4. Danny Cooksey as "Sam McKinney" – Diffr’nt Strokes: Sam


was indeed THE “red headed stepchild.” He joined the Drummond
domicile with mom, Maggie, and moved in with Arnold and Willis.
This bed-wetting, bawl bag, talked like he always had a wad of cud in
his mouth--- “Mr. D” soon became “Mish-ter Dee.” Sam was the
typical “add a cute kid to the show to boost the ratings” move of the
80s. He was terrible at baseball, he got picked on by “The Gooch,”
and even gets stood up by an old geezer at the old folk’s home. The
one truly cool thing that he did do, was to try and get his friend, who happened to be a girl, to
sleep over at his house. Now that would have been a “very special episode”. Cooksey went on to
grow out a flowing mullet, and join several rock bands—one of which was Bad 4 Good. The
album had many songs, but one that sticks out is “Felony.” Wait, shouldn’t that be on Todd
Bridges album- or Dana Plato’s—or Gary Coleman’s? Man, “Sam” actually turned out better
than 75% of the kids on that show…. Maybe he isn’t so annoying.
3. Josh Saviano as “Paul Pfeiffer” – Wonder Years: Pfeiffer really
had it bad. The kid was allergic to everything. He got rashes. He was
brutally bad in basketball. And let’s face it--- Carla was no prize,
either. Kevin was a total dirtbag to Paul, day in and day out, but pansy
Paul just took it all in—partly because Kevin was his only friend.
Internet rumors pegged Saviano to actually be one in the same as
Marilyn Manson. The irony of this is that his current picture is scarier
than any of Manson’s antics. Seriously, Google that “mug”--- don’t
say I didn’t warn you.

2. Jaleel White as “Steve Urkel” – Please, someone get this whiny,


suspender-wearing weiner some Afrin!
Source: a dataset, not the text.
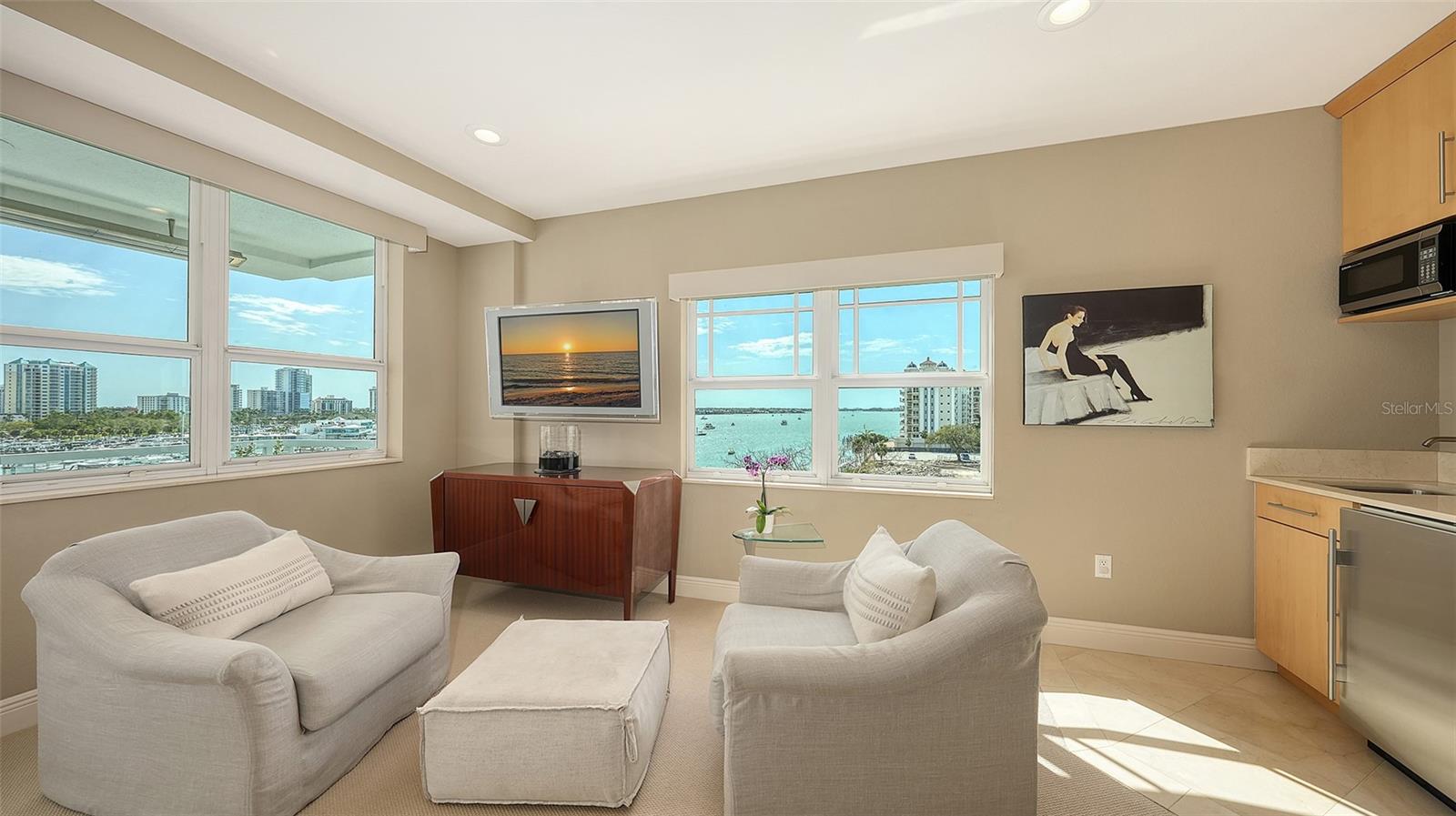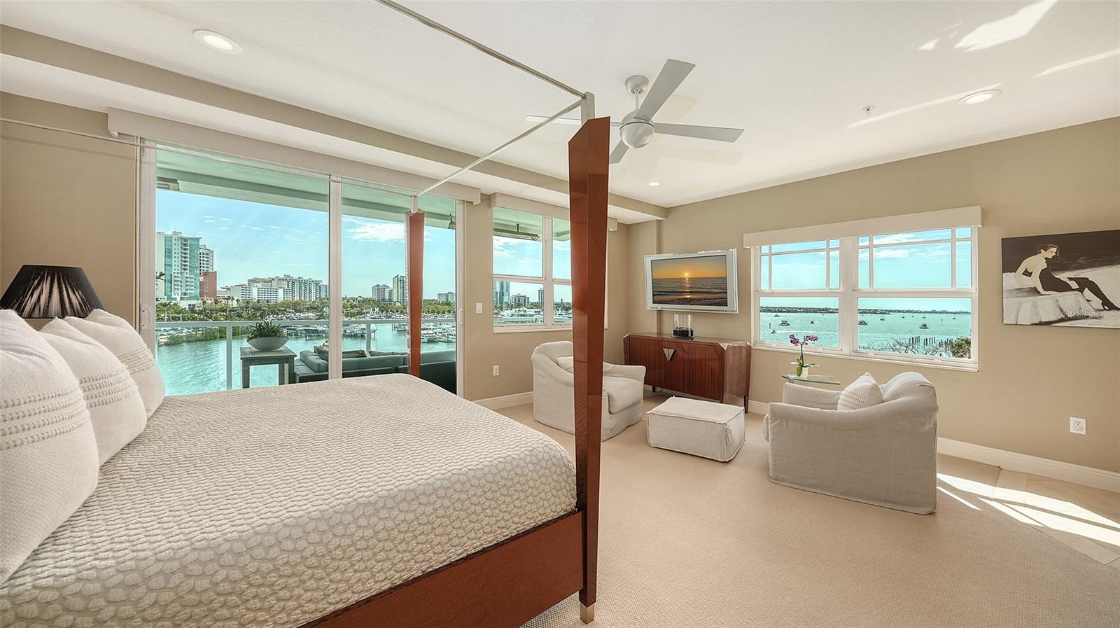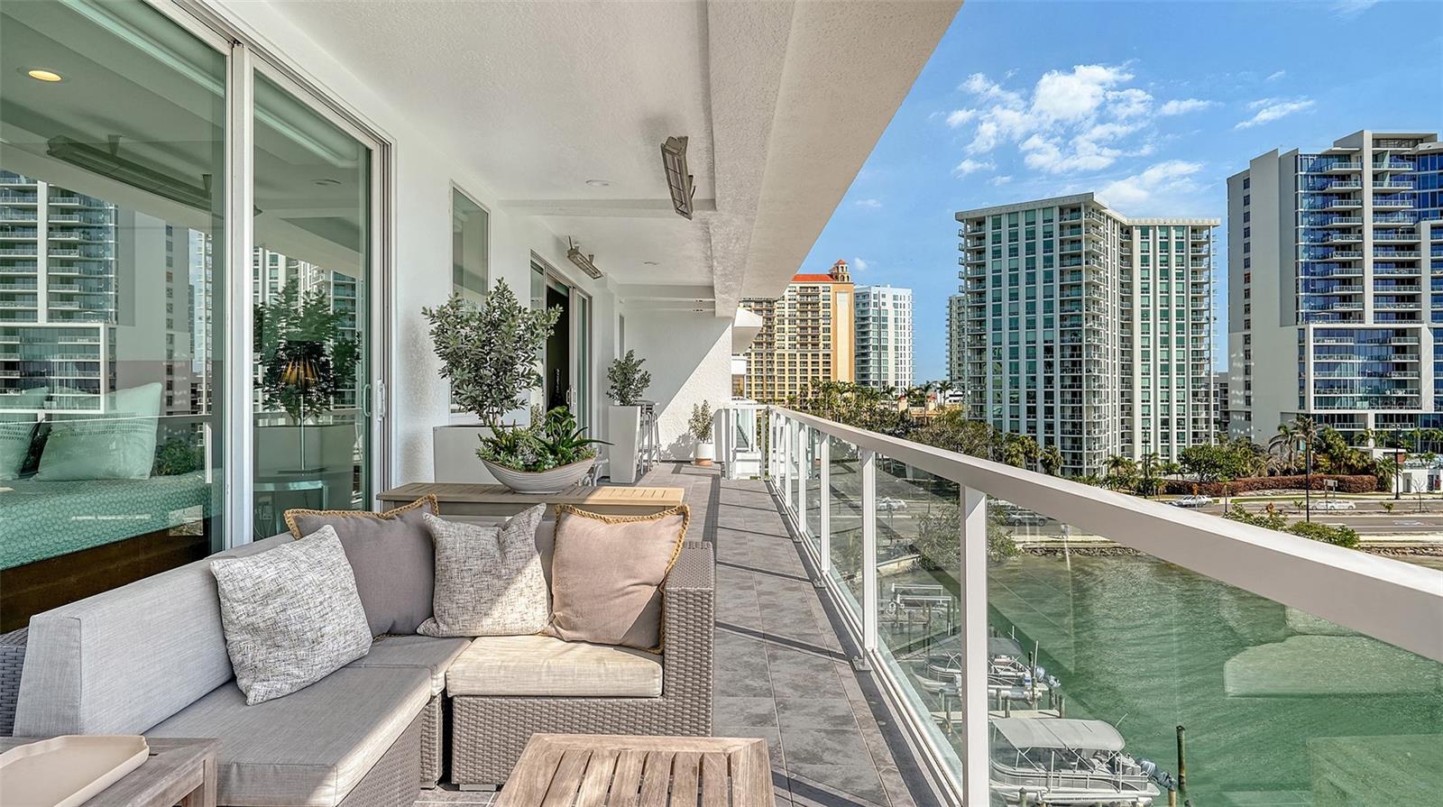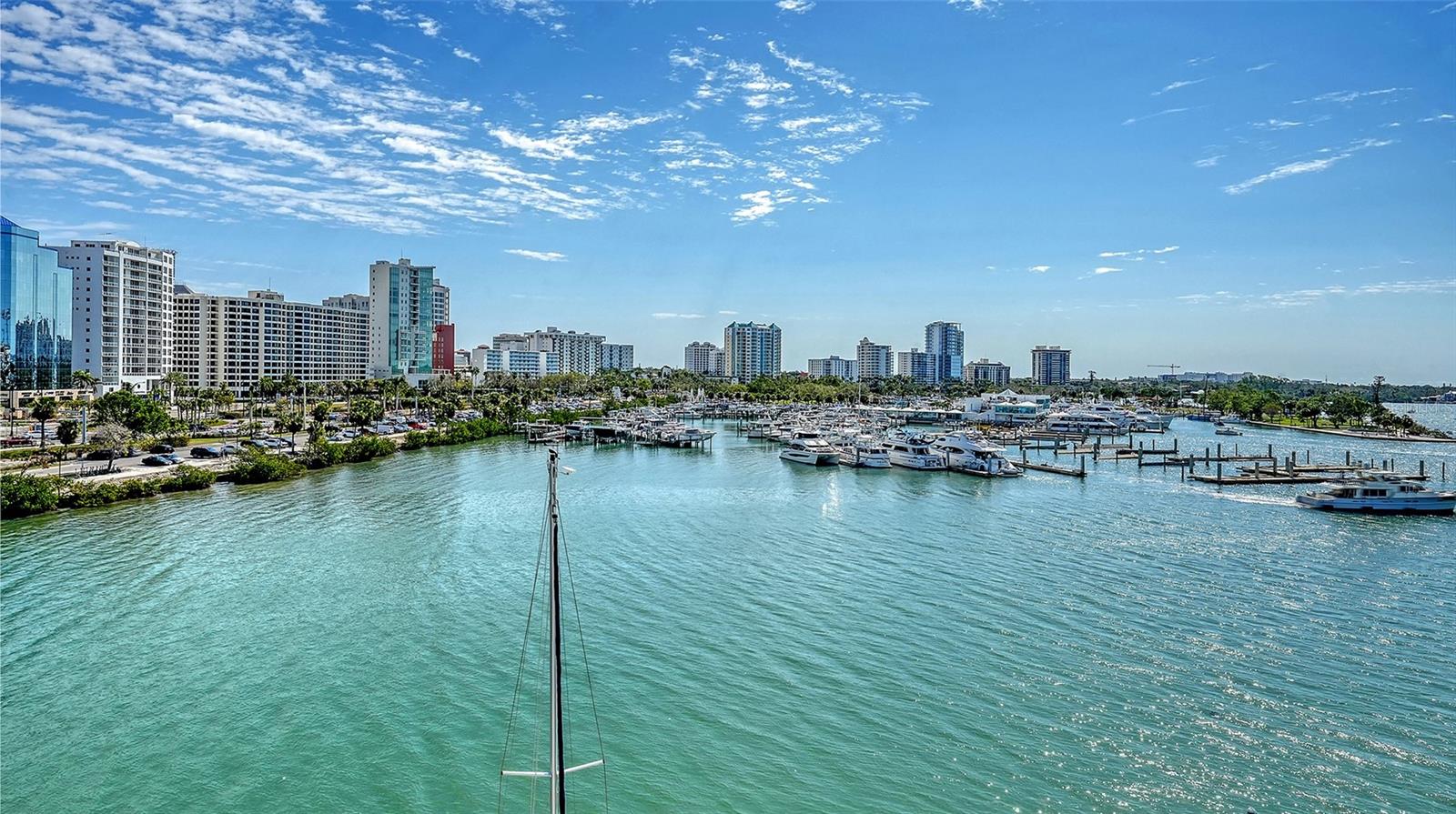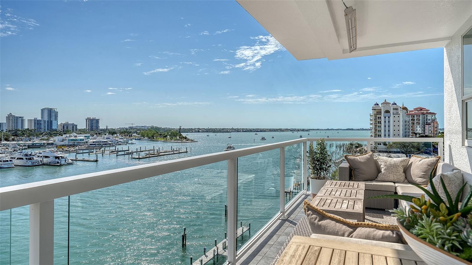 Imagine waking up to breathtaking panoramic views of Sarasota Bay, the vibrant city skyline, and Marina Jack, awarded Marina of the Year nationwide. This stunning 3 bedroom 4 bath, plus den, developer’s PENTHOUSE RESIDENCE, occupying half of the top floor in an exclusive 14-unit boutique building, offers the epitome of luxury waterfront living. Key Features: • UNPARRALLED VIEWS: Enjoy forever views of downtown Sarasota from the expansive 52-foot HEATED BALCONY, perfect for relaxation and entertaining. • PRIVATE AND DEEDED BOAT DOCK WITH SLIP: A rare deeded 40-foot boat slip provides direct access to Sarasota Bay and the Gulf of Mexico. • LUXURIOUS INTERIORS: Meticulously designed with top-of-the-line appliances in the kitchen, wet bar and breakfast bar including Sub Zero & Wolf brands, imported finishes like stone countertops & solid wood contemporary cabinetry, motorized window treatments, and high-end Italian furnishings* and artwork*. Travertine flooring in main living spaces and with 100% wool designer carpet in the bedrooms. • SPACIOUS LAYOUT: Three spacious bedrooms with ensuites, a chef’s kitchen, and an open-concept living area ideal for privacy and entertaining. • PRIME LOCATION: Situated in Golden Gate Point, a 22-acre private peninsula, just four blocks from downtown Sarasota and a short bike ride to Lido Beach and St. Armands Circle. • RECENT UPDATES: The building was redeveloped in 2007 and enhanced with $1.5M in updates in 2017; and finally, a new seawall, docks, renovated pool/patio in 2022, and a new roof in 2024. • CONVENIENCE and PEACE OF MIND: Gated entry, private elevator lobby, and two covered parking spaces ensure convenience and privacy. • Security cameras in parking, dockside and lobby Experience the Best of Sarasota: • Downtown Access: Enjoy the finest restaurants, shopping, theaters, and arts, all within walking distance. • Recreational Opportunities: Bike, walk, or run over the Ringling Causeway Bridge to Lido Beach and St. Armands Circle. • Move in immediately to this stunning penthouse, bring your boat, and enjoy your private boat slip, adjacent to one of the top marinas in the USA with direct access to the Gulf of America! Schedule your private showing today and discover why this penthouse is the ultimate luxury waterfront retreat!

Yes, I know this show aired
predominantly in the 90s, but for the one year that it was in the decade
we all love, it felt more like 10 years. Urkel spent his days invading
the Winslows and crushing on his “main squeeze” Laura Winslow.
That high squeaky voice, possibly caused by his pants hiked up into
his nether regions, grates on my nerves like Fran Drescher on helium.
His nerdiness actually landed him his own cereal, “Urkel O’s.” The
cereal was not well received, had no future, and eventually ended up in the garbage…just like his
acting career.

1. Dustin Diamond as “Screech Powers” – Saved by the Bell: A


Chia pet with legs, Screech bumbled and stumbled into many a scenes
on the hit show, Saved by the Bell. His commonly cracking voice,
horrific facial expressions, and overall toolism makes him number
one on our list. His incessant lusting for Lisa Turtle and ridiculous
characters annoyed millions every Saturday. Diamond went on to
appear in a litany of random reality shows like Celebrity Fat Club
(intended typo) and “Celebrity” Boxing 2 (intended quotes). Making
the jump from annoying to incredibly disgusting, Diamond’s sex tape, entitled “Screeched-
Saved by the Smell” (I have no desire to find out why it is called that), emerged, with him
involved with a few ladies in a ménage puke. Violet Bickerstaff was apparently too emotionally
distraught to comment on the matter.